Christopher Tate: Two lines up.

Jeff Bush: Oh, yeah, it's hidden in there. Okay. No, I'm not really confused. So we pass in a pointer. This is actually a pointer to an array. We pass in a number that we want to get to, and then in this right here determines how many we got.

Now, it's important to note this right here. We're asking for outputs of type "raw audio". It's also important to point out that we pass in a number of outputs we want. If I wanted I could make this be an array of like ten outputs, if for some reason that I thought there might be more outputs there, and it will actually tell me "okay, I found however many outputs you have in there."

So there's two basic things that are going on here. The first thing is we can look for an output of a specific basic type. Raw audio or encoded audio or encoded video or encoded audio, or really any media format at all.

The next thing is these outputs might have more specific information about what type of output they have, or it may be that it has multiple streams encoded -- it has multi track data. So in this case what I end up with, in this case as you can see I've only made one and I've passed in the address of it and I've only done one. So I'm assuming that there is only one audio output, which is a pretty good assumption in this case.

So I'm going to check the outputs. If it's zero, that means there are no audio outputs, which can happen. Or it also can mean there are no raw audio outputs, which is an important distinction to make as well.

If it returns one, then I know that I have a valid output and I can continue using that. Similarly, I'll also go and check for raw video, which is not very common to find in BeOS, depending on what you're working on. I'll look for an encoded audio potentially or an encoded video. So generally like in the QuickTime file you're going to have raw audio.
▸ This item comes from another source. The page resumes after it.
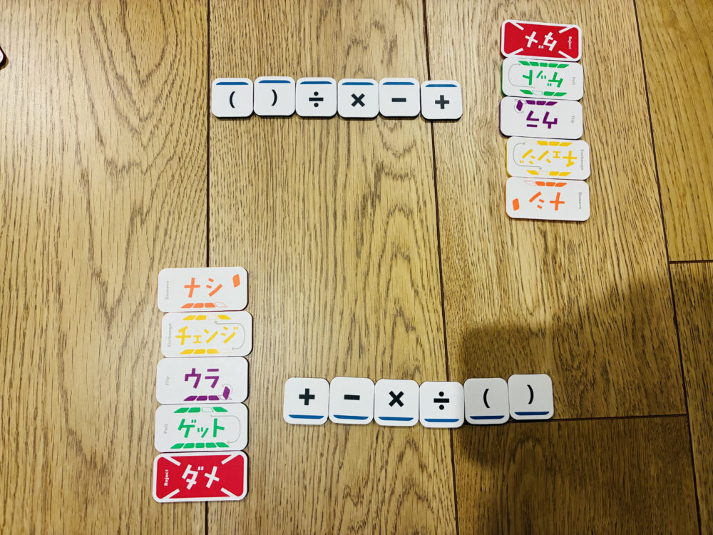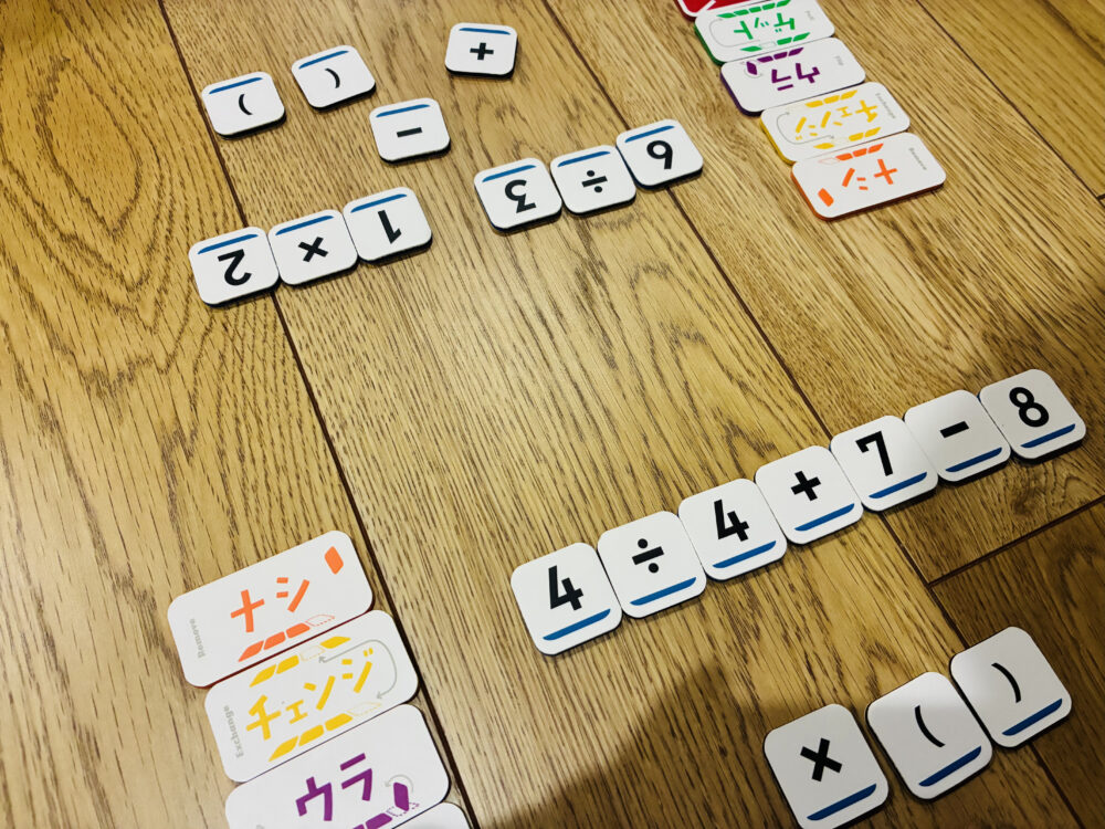 ゼロサムは、数字と”+-×÷()”の記号をうまく使って、答えが0になる数式を作るボードゲームです。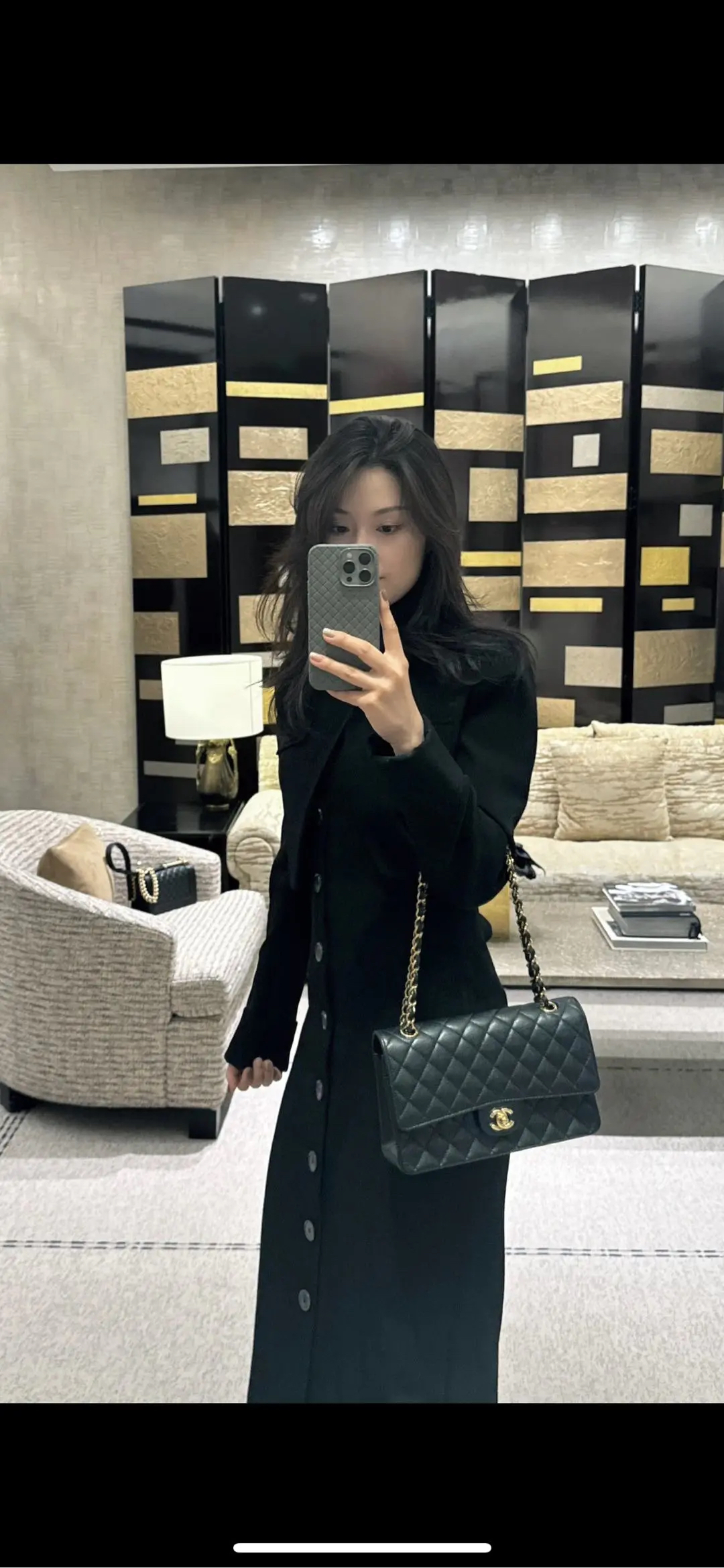 Chanel 中号 黑金 羊皮 CF 单肩包

So actually what I end up doing is kind of an iterative process. It sounds a little tedious, but we are working on convenience classes to do this, and this is where you get the flexibility where I can start out looking for raw audio, and if it doesn't have it, I can call the same thing again, except with BVDR encoded audio. If so, then I've got an encoded audio output, and I can plug it into something that can use that.

So now comes the interesting part. It's connecting the nodes. I'll talk a little -- well, maybe I'll talk about format.

So basically in this case I'm going to assume that I've obtained an input to the mixer in the same way that I've obtained an output from the file that I want for this step.

So now I have a media output and a media input, and I'll just restate again that an output is different from just a source. An output encapsulates all this information about this output. So what is its format? Potentially what is its destination? So I'll make this call Connect -- very simple -- and I'll start. I notice there is some confusion. Here is where the distinction between sources and destination and outputs and inputs comes in.

In this case when I call Connect, I start with a source. A source is a raw end point. And I also use this destination. The source and destination contain basic information about how to talk to a node. So basically it's a way of finding it within the whole space of nodes.

So in this case these outputs and inputs are actually incomplete. Because first of all, the output that it gave me is like a token. It's like, okay, here's an output that you could have, but there are no guarantees made about that.

So I think somebody mentioned earlier there is kind of a race condition there. I don't know if it's necessarily like a race condition. It's like you've got this output. You can't really guarantee that it's going to be there so you have to keep that in mind. It's basically said this is like an output that I have. So Connect is actually the stage where you go through and you do the negotiation and you finalize that.

Another key point here is the format. So the format is actually, and I'll touch on this again in a little bit, but the format is where the bulk of the work that the application has to do falls in.

It's actually negotiating the format, and it does fall squarely within the realm of the application to actually figure out which formats are usable. It's not really that complicated and it's actually a little bit better that the application knows what it's dealing with.

Finally you also notice that I've passed back in these structures, which seems a little weird. Why am I passing them back again? What it will do is, as I've said before, these are incomplete, so this output doesn't have a destination on it because it hasn't been connected yet. What it will do is, it will fill in these structures with the proper information when it's finished. So if that returns B_OK, then I know that they're connected. If for some reason there is a failure, a bad format, or something, it will return the appropriate error, and in that case I can try again, or try to find another way of doing it.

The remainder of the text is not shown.